The Hong Kong education policies are one of the factors. The education system in
Hong Kong is examination-oriented. Most of the
Hongkongers, especially employers, will only focus on students’ academic
results. Many of them think that sport is not important at all. Also, some
parents will force their children to focus on academic results even if their
children have talents in sports. Our education system
ignores the talents of sports players and is unfavourable to sporting development.
Second, Hong Kong does not have enough resources or facilities to develop or nurture professional athletes.
Hong Kong only has one organization
– Hong Kong Sports Institute – to nurture athletes.
Although HKSI provides many elite sports projects like badminton, gymnastics
and swimming, they are not enough to provide a
good environment for athletes to have comprehensive training. Hong
Kong also lacks internationally
recognized venues for training. We all know that it is not possible for HKSI to
provide all venues and facilities for each type of sports. So, how can we
nurture professional athletes successfully in
an inadequate environment?
Moreover, the sports atmosphere in Hong Kong is too weak. Hongkongers focus more on work and business. Not many people are willing to spend time to do sports or have sports training.
Hong Kong emphasizes economic
development but not sports development.
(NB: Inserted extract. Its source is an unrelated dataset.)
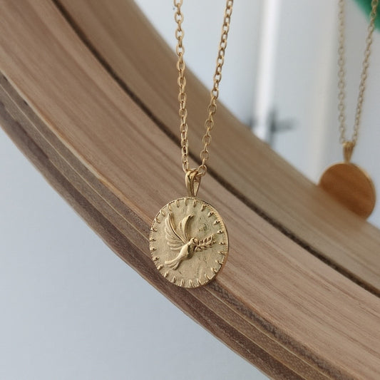 Collier personnalisé femme avec colombe gravée - Bijoux acier inoxydable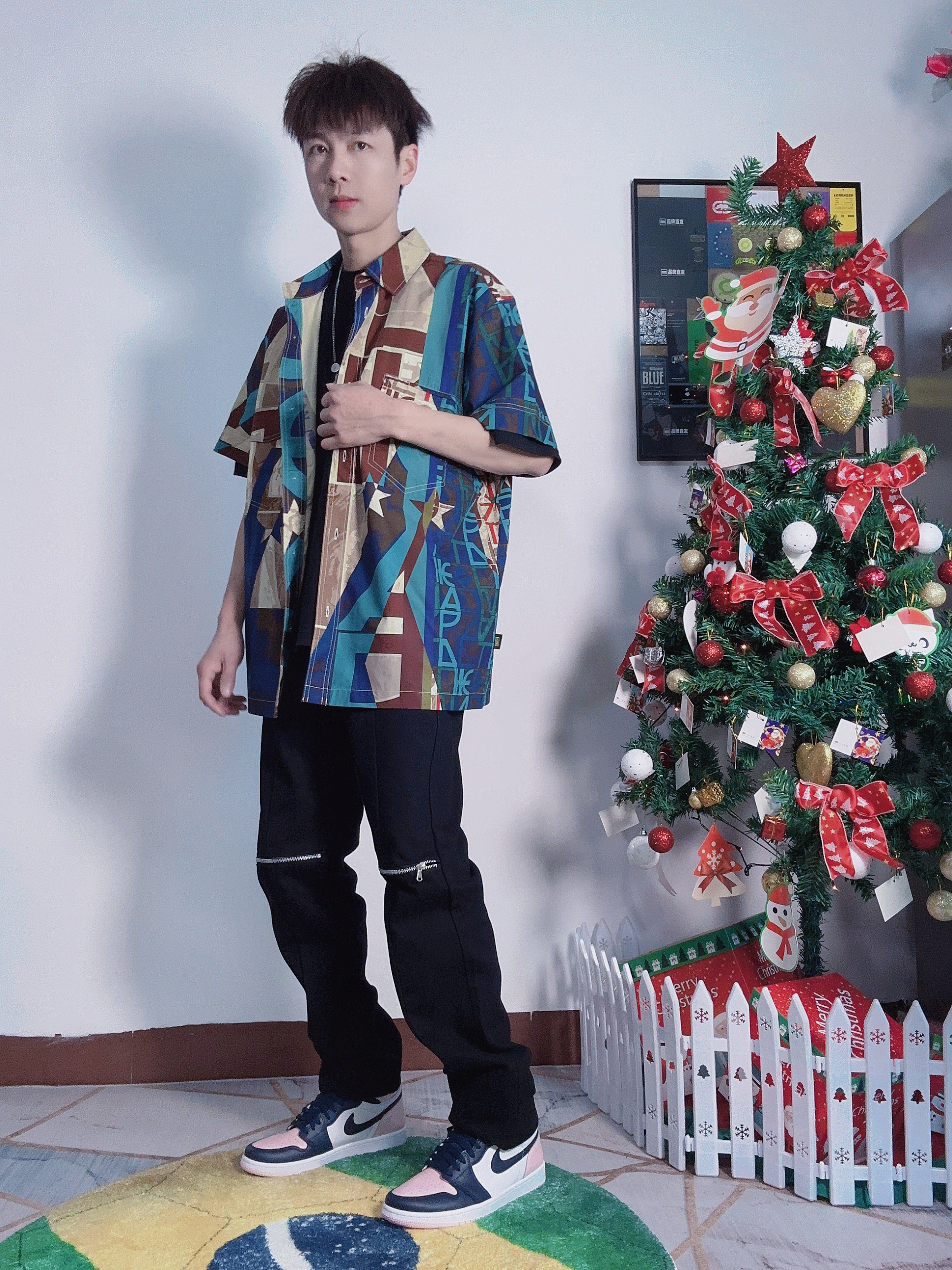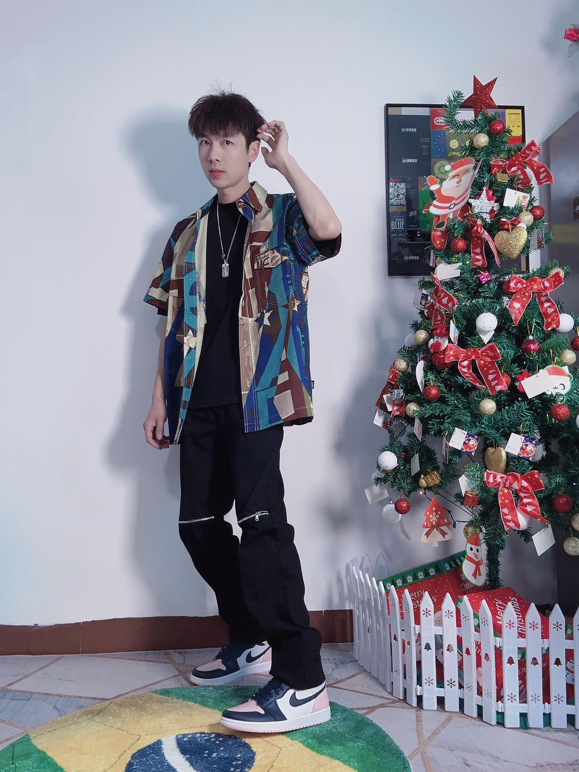 175cm/60kg 男孩日常穿搭😉 工装风➕黑色系get初春街头穿搭✌️ 今天分享这款细节与质感超棒的AJ1“泡泡糖”穿搭。 黑色T恤➕印花衬衫搭配黑色牛仔裤 这双鞋子本来很亮眼,所以来件印花衬衫色彩对撞😘 上下都有亮点……😘 今天的整体搭配能打几分❓

Thus, the sports atmosphere in Hong Kong is not strong enough. Furthermore, the sports development in Hong Kong lacks
government support. To obtain qualification to represent Hong
Kong in international events, potential
athletes have to rely on their own resources and
training. This will increase the difficulty for athletes to build up their professionalism in sports.
Critics may argue that there are good and professional athletes, such as Wong Kam Po and Lee Wai Sze, in Hong Kong, and this proves that Hong Kong is a good place to nurture professional athletes. However, the Hong Kong cycling team is training in Guang Zhou and Shenzhen most of the time due to the venue problem –
Hong Kong does not have a
formal venue for cycling. And this shows that Hong Kong
does not have enough resources, facilities or government support to nurture athletes. Therefore, I believe that Hong
Kong is not a good place to nurture professional athletes.
To sum up, I strongly believe that Hong Kong is not a good place to nurture professional athletes. Unless the government and the authorities formulate a set of comprehensive and long-term sports development policies to build a perfect platform for our talented players and athletes, it will still be difficult for our players to become professional athletes.